Given the wide range of reasons why neonates with HIE may not meet the classic inclusion criteria, and the small number of patients with other conditions, it is challenging to conduct RCTs with sufficiently large samples and to determine the safety and effectiveness of this therapeutic strategy in these contexts. However, as the use of TH in contexts other than the condition for which it was originally conceived must be thoroughly documented, the difficulties mentioned above may be surpassed by conducting proof-of-concept studies using reliable biomarkers of ischaemic damage with high predictive capacity, such as magnetic resonance spectroscopy (lactate–to–N-acetyl aspartate ratio) or biochemical markers51,60. This strategy may yield efficacy data faster and using fewer patients, which would be particularly beneficial in this context.

Healthcare professionals involved in the management of neonates with HIE are faced with the challenge of establishing a prognosis and informing patients’ families. Over the last decade, significant prognostic information has been obtained for each of the tests used to estimate the likelihood of long-term disability or death61. However, informing families remains one of the most difficult aspects in the management of these patients. Establishing a prognosis in such a narrow time window is another source of stress for the physicians attending these patients. This time window is vitally important in determining each patient’s needs and the onset of palliative care in the most severe cases. Delays in therapeutic decision-making may result in severe disability and dependence in cases of severe brain damage. These decisions should be based on high standards, ethical responsibility, and coherence, and based on a thorough analysis of prognostic data and the values of the patient’s family62. Healthcare professionals in our setting perceive and acknowledge this complexity. In our study, conducted in Spain, only half of tertiary centres had adequate resources for proper communication, and many reported difficulties developing interdisciplinary collaboration including nursing staff1,63. This constitutes a key challenge for improving teamwork when administering TH and establishing a therapeutic relationship with families to help them face this difficult situation.
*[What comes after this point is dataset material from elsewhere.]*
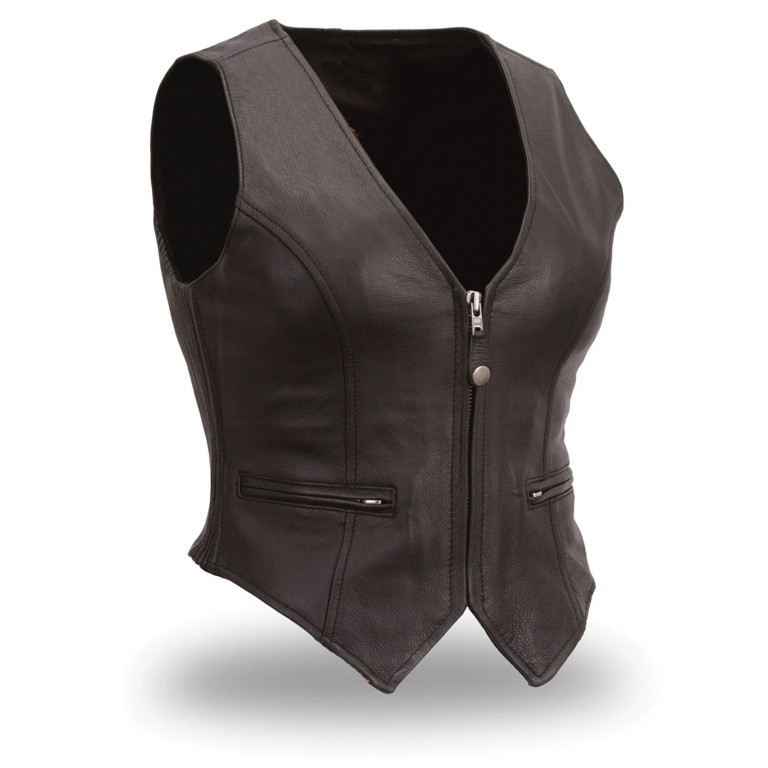 - Women’s black leather vest

Given the poor outcomes in nearly half of neonates undergoing TH, the development of new coadjuvant therapies to improve the neurodevelopmental outcomes of these infants is a top priority. Several therapies with endogenous products (erythropoietin, melatonin, cannabidiol, stem cells) are currently under study64. Other studies are focusing on such exogenous products as xenon, allopurinol, and topiramate; however, insufficient evidence is currently available to support their use in clinical practice64,65. In any case, we hope that some of these therapies will eventually be incorporated into clinical practice, extending the therapeutic window of TH and providing additional protection, which would ultimately decrease the rates of neurological disability associated with HIE.